One of the more important hazards encountered was that of leaving the right flank of the Third Army completely open from St. Nazaire to a point near Troyes. This decision was based on my belief that the Germans, while they had ample force, did not have sufficient mobility to strike fast, and that the ever-efficient XIX Tactical Air Command would spot any force large enough to hurt us and be able to hold it down long enough to permit the greatly superior mobility of the American troops to intervene. The soundness of the decision was indicated by the result. (328)

Comment on Patton

Who is better qualified to testify about a war than a general of the army who has actually conducted the battles? The facts of the allied advance across France are well documented, and Patton's narrative undoubtedly comports with the facts. However, Patton's strong ego may lend some bias to the interpretation of events. In this passage, his pride is evidenced in the his concluding comment.
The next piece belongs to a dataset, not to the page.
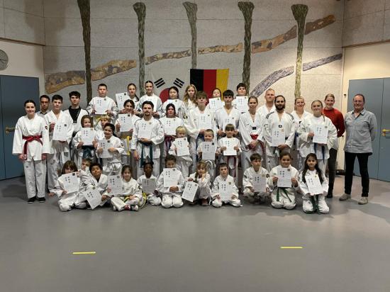Am Sonntag, 07.12.2025 zeigten die Schülerinnen und Schüler der Taekwondo Schule Klebach aus Offenburg-Albersbösch erneut ihr Können bei der anspruchsvollen Gürtelprüfung. Alle Teilnehmenden durften sich am Ende über die bestandene Prüfung und ihren neuen Gürtel freuen. Das Prüfungskomitee war mit den Leistungen der kleinen und großen Anwärter sehr zufrieden. Es setzte sich zusammen aus Trainer Patrick Klebach (6. Dan), Fabio Kornmeier (3. Dan) und Sabrina Eggs (5. Dan).

From: The "Introduction" to Selections from Ralph Waldo Emerson
by Stephen E. Whicher

To see Emerson's original approach to the enterprise of thought we must return to his starting point, the moment of immediate insight. This was not only, he came to believe, the source of a special kind of truth; it was the source of any truth. In fact, truth existed, lived only in a present act of vision and ceased to live as that ended. Such an act did not have merely an instrumental value as it led to a "true" statement; rather, the statement it led to was to be valued as an organic part of the process that created it. What mattered, then, was not so much truth as truth-making, not thoughts but thinking. It was not important that the statement of one moment might contradict that of another. Emerson's verdict here was simple and final: "Damn consistency!" any statement of truth is necessarily partial anyhow and implies the potential of its opposite also. The essential thing is not any given insight but the vital capacity to move from one to the next according to the natural rhythm of thought. The life of the mind is a perpetual voyage of discovery, a swinging of one circle around the last with no end but "old age." (xviii-xix)

Comment on Whicher

The title page notes that Whicher is from Cornell University which attests to position as an authority. In addition, at the end of the book there are forty-three pages of notes about Emerson's essays and poems complied by Whicher. To do this work, he must know his subject well.

The paragraph above is an interpretation of Emerson's ideas rather than a presentation of factual information about Emerson or his works. In the field of literature, we often look to experts to help us interpret the sometimes difficult writings of authors such as Emerson. Thus, an expert may not only be a source of facts but also a source of insight.